→ Work task
Omit pictures and quote the listing below line by line, from its start through the line that holds "- Добре обърканото".
<<<<
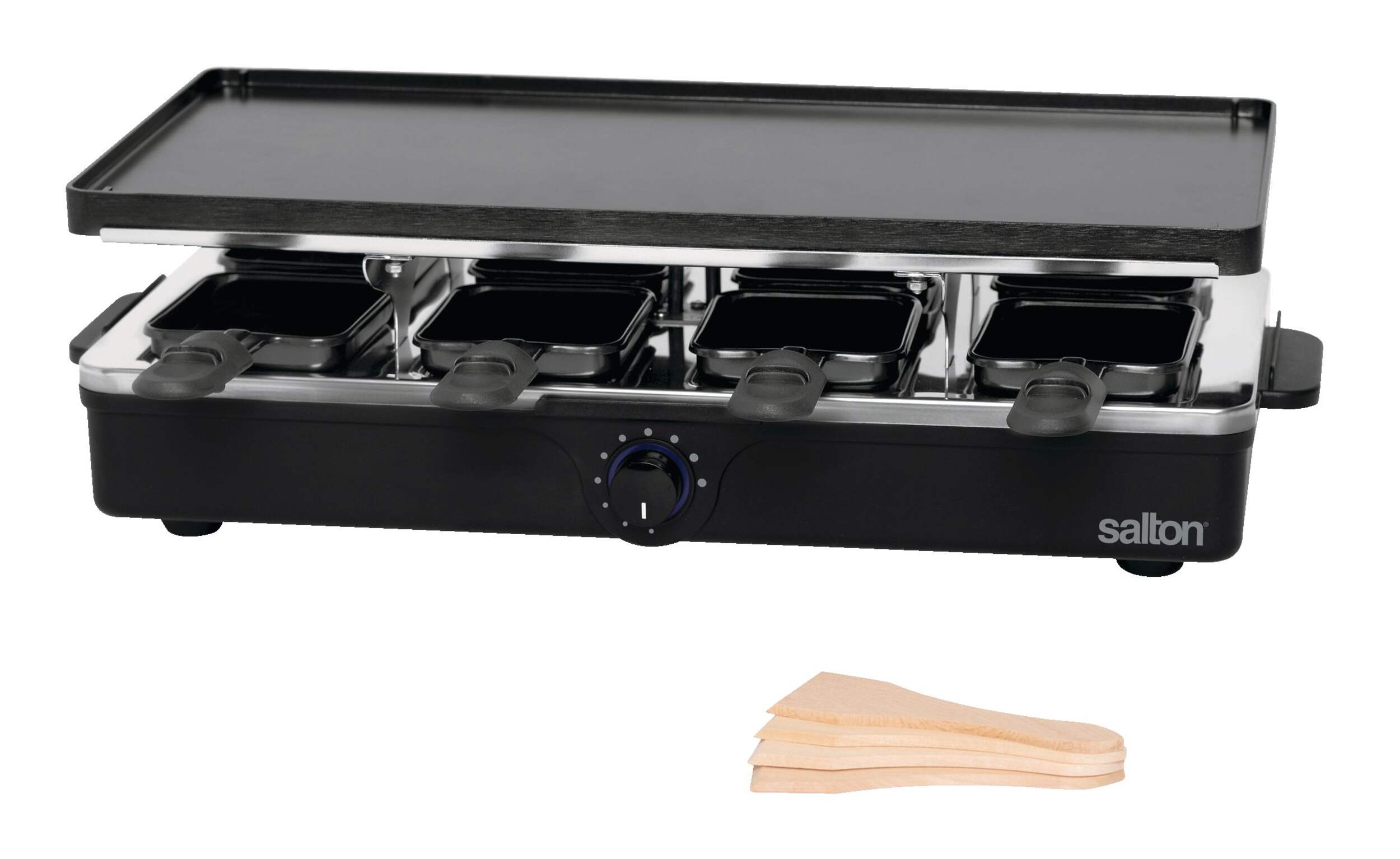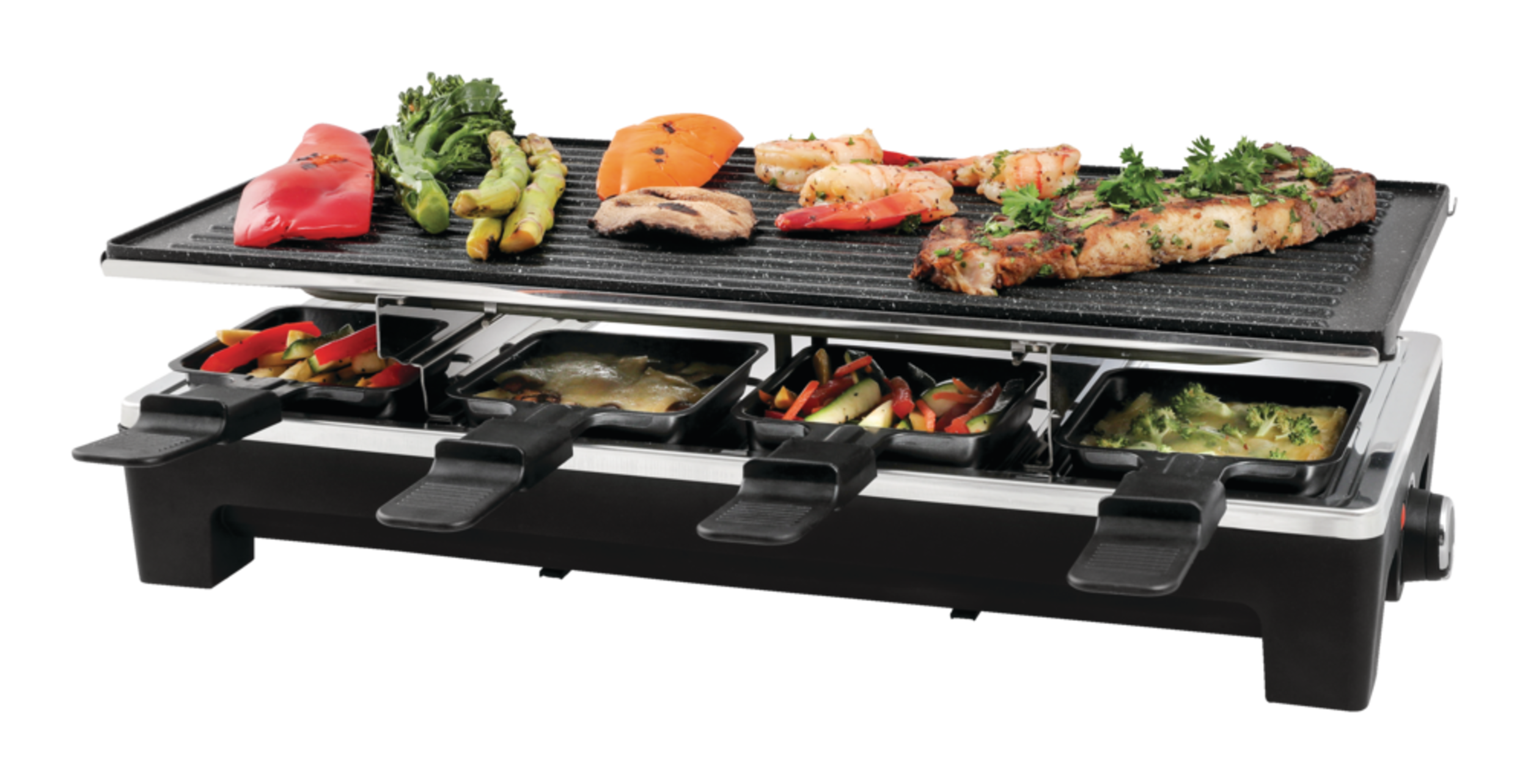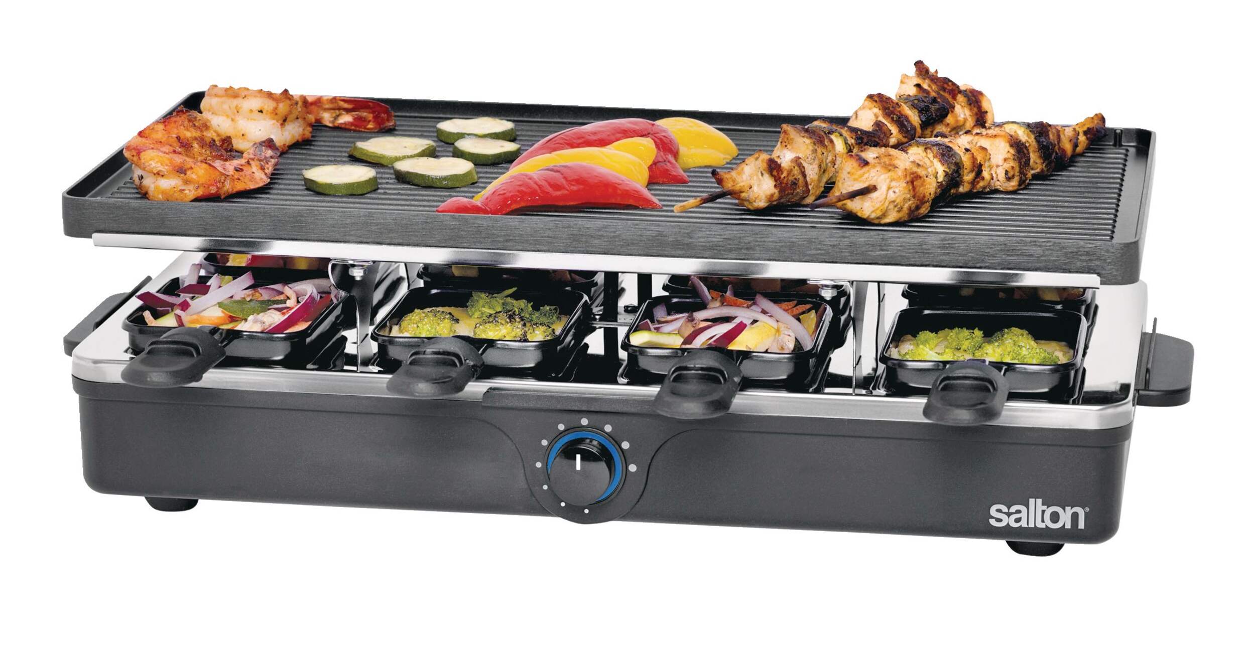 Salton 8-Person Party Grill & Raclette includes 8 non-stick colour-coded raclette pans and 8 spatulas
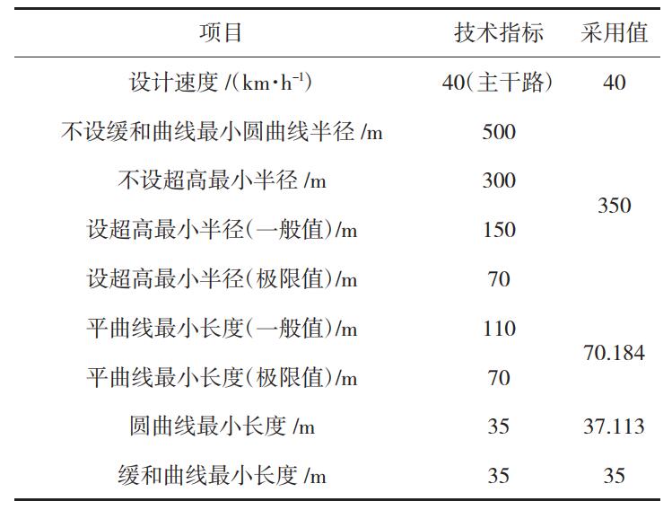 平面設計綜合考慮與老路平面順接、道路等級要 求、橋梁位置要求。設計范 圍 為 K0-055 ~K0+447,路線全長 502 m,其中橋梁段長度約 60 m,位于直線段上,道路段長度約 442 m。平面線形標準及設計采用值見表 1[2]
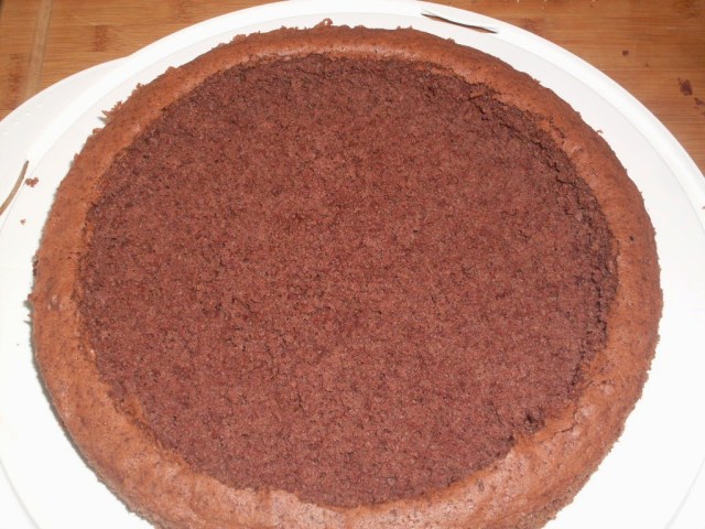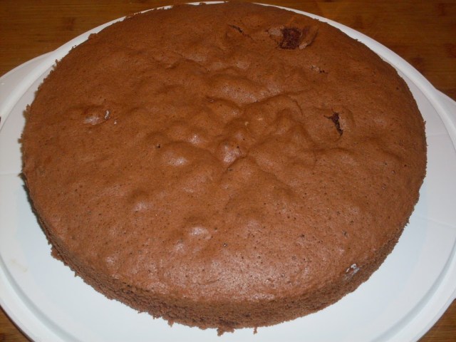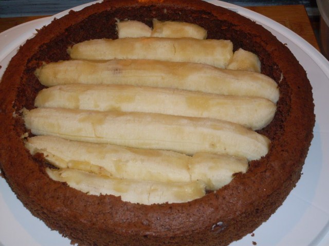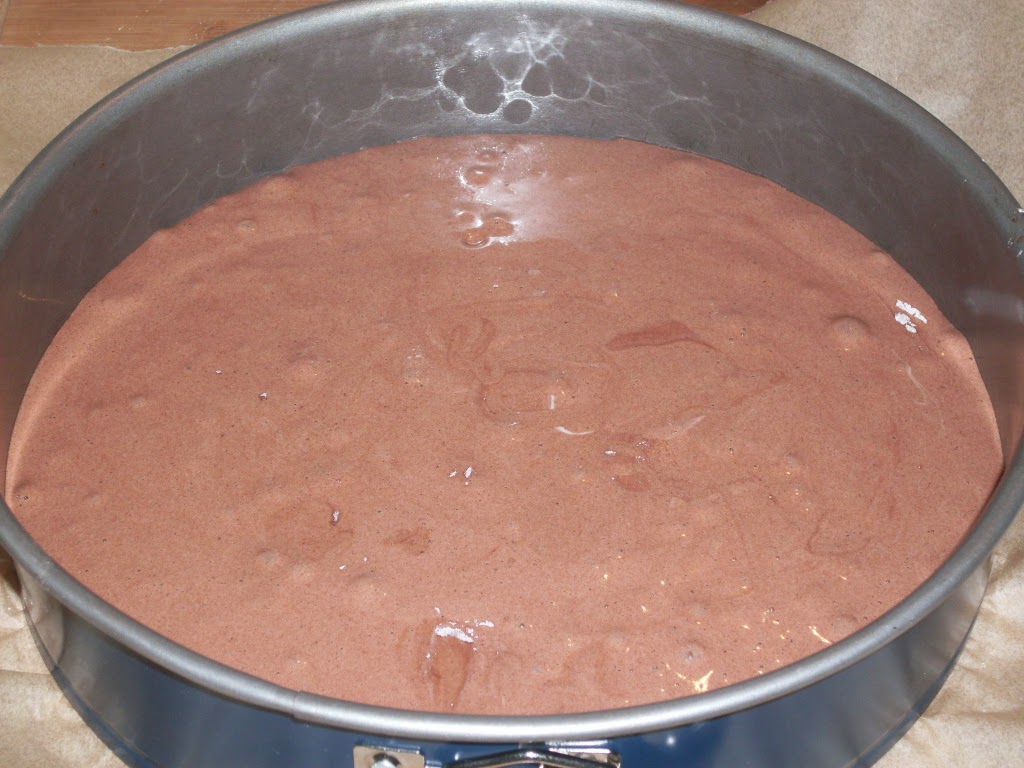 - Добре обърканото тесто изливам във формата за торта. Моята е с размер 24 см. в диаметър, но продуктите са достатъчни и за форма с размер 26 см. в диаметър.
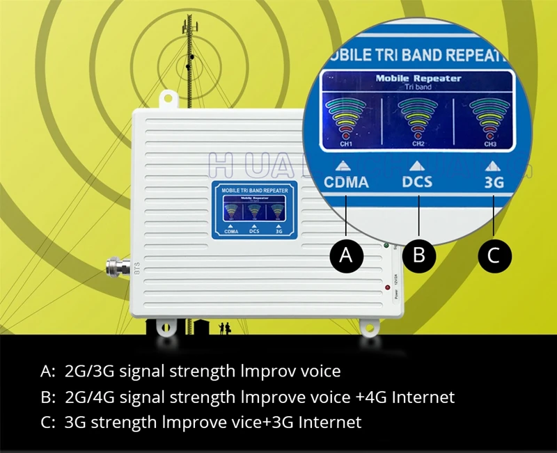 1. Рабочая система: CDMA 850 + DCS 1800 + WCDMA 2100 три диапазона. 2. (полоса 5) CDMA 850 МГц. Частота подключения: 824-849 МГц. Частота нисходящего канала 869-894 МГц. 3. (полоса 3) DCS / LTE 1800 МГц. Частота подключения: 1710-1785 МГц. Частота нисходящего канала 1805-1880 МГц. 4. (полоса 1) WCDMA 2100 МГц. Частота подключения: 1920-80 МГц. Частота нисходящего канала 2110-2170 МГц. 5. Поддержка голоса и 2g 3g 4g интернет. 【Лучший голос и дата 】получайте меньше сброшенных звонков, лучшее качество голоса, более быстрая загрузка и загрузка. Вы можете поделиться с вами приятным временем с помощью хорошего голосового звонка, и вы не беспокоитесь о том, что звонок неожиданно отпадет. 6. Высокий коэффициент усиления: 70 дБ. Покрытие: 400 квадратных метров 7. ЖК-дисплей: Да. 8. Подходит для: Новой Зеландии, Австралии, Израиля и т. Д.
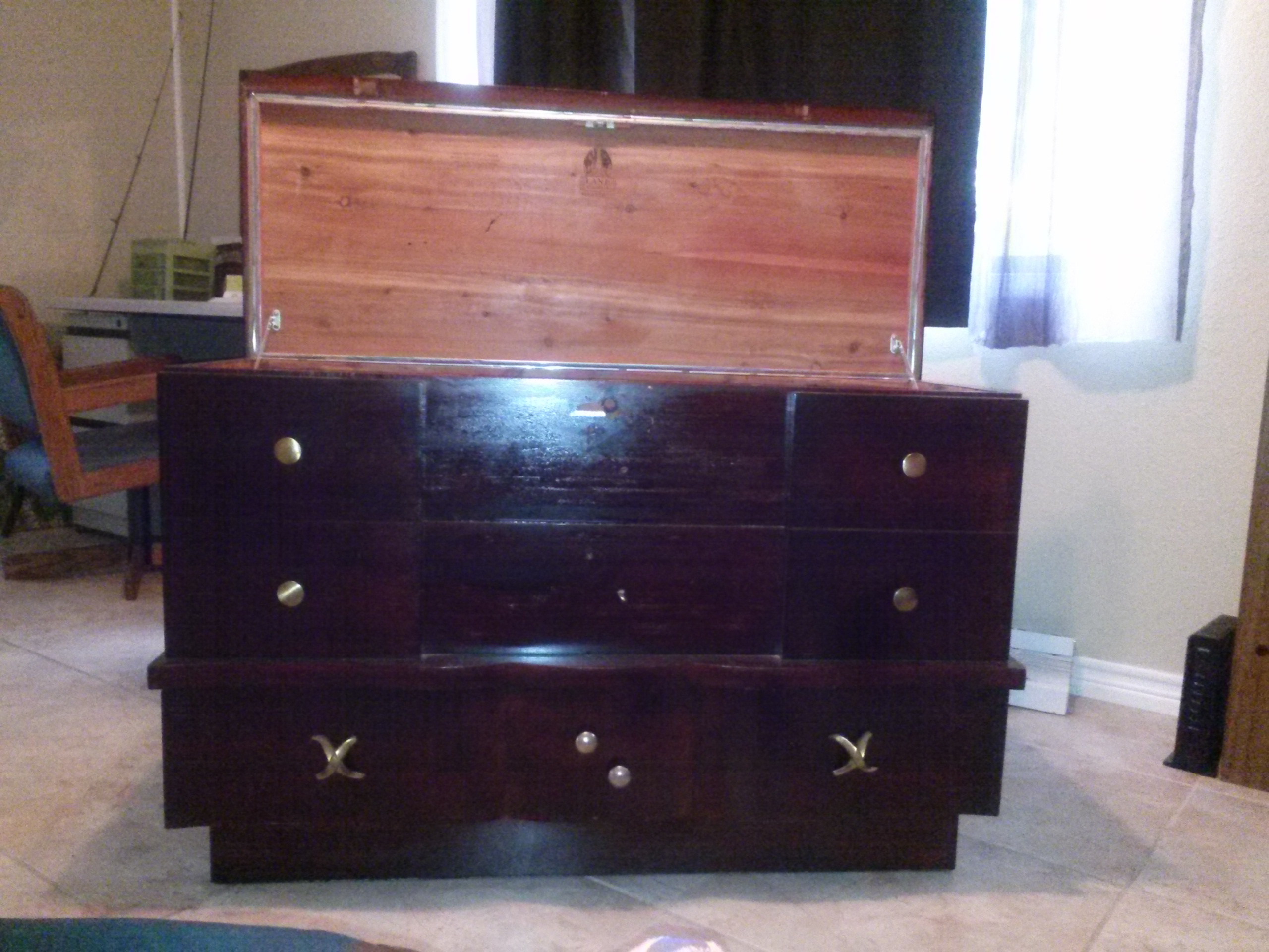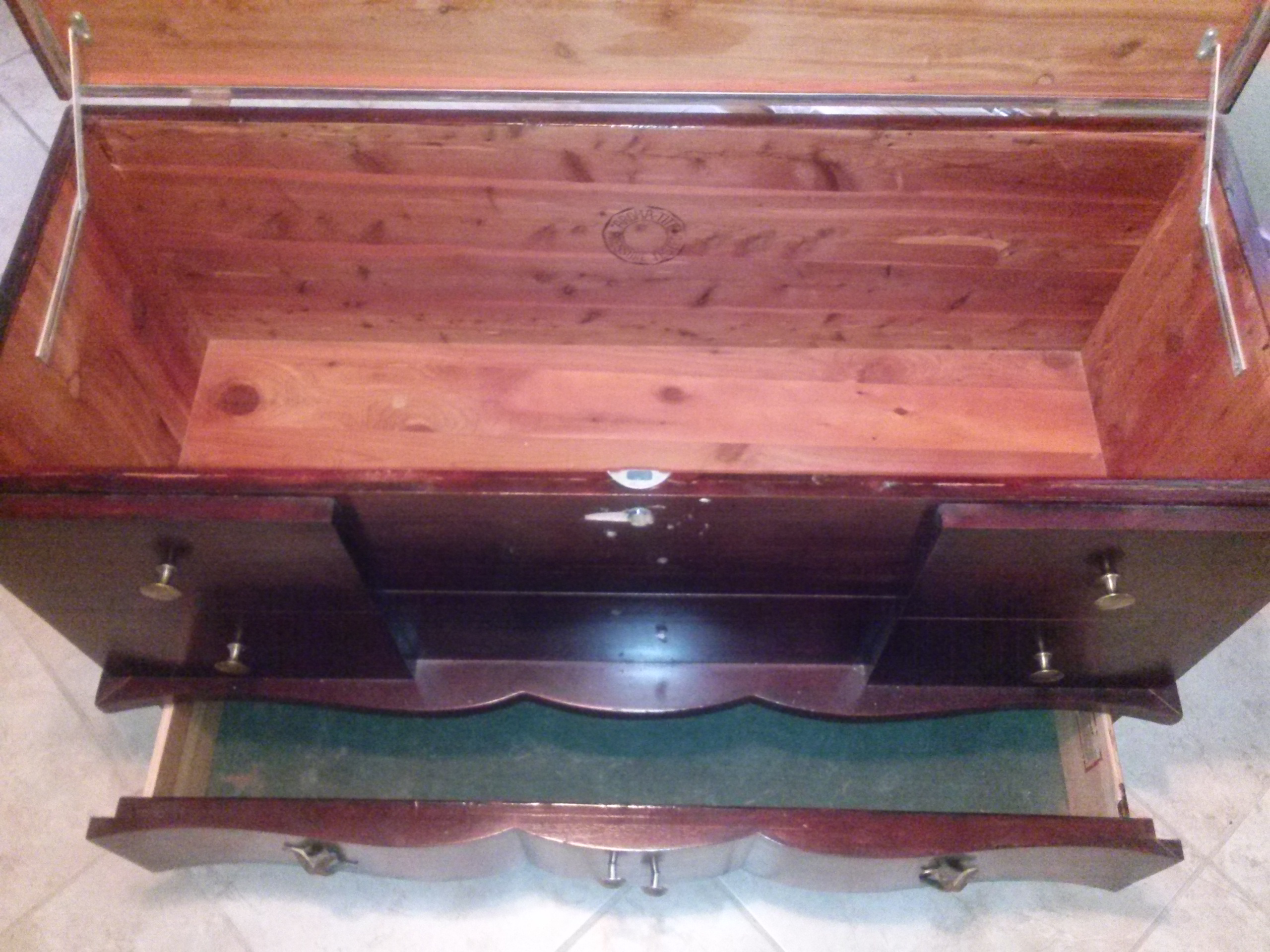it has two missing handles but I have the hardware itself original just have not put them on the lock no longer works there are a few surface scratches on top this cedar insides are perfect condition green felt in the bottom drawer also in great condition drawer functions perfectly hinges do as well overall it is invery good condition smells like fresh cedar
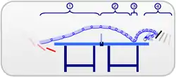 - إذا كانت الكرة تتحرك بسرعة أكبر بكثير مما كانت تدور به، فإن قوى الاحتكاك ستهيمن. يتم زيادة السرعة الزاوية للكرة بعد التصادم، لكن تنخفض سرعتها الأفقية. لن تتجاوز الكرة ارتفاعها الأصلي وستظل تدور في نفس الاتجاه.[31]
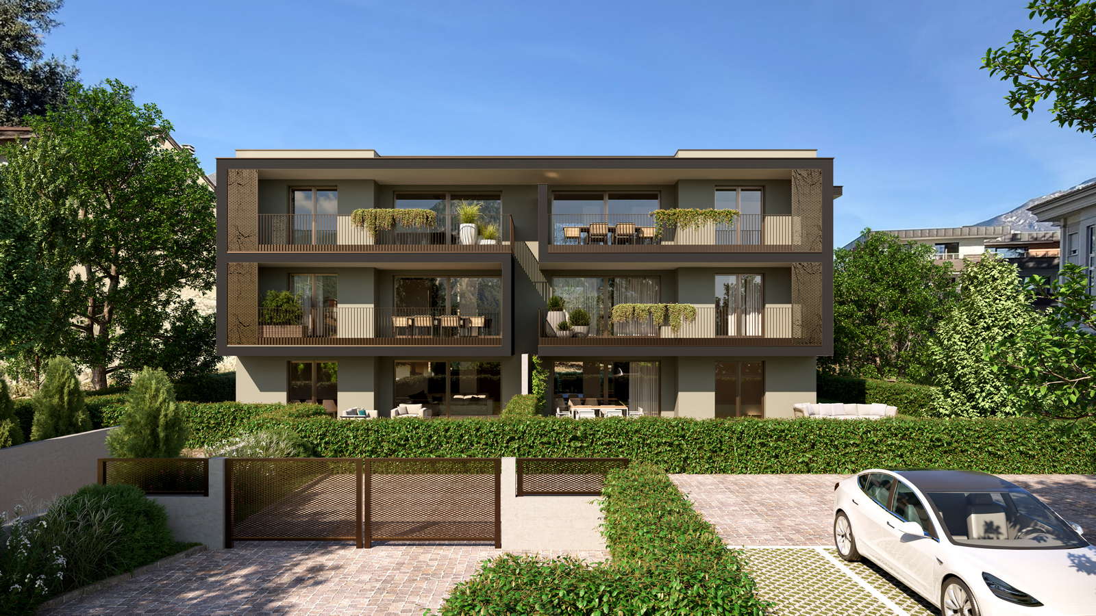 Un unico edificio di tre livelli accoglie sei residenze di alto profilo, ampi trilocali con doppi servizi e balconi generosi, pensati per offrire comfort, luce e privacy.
>>>>
→ Solution to this problem
 Salton 8-Person Party Grill & Raclette includes 8 non-stick colour-coded raclette pans and 8 spatulas
 平面設計綜合考慮與老路平面順接、道路等級要 求、橋梁位置要求。設計范 圍 為 K0-055 ~K0+447,路線全長 502 m,其中橋梁段長度約 60 m,位于直線段上,道路段長度約 442 m。平面線形標準及設計采用值見表 1[2]
 - Добре обърканото тесто изливам във формата за торта. Моята е с размер 24 см. в диаметър, но продуктите са достатъчни и за форма с размер 26 см. в диаметър.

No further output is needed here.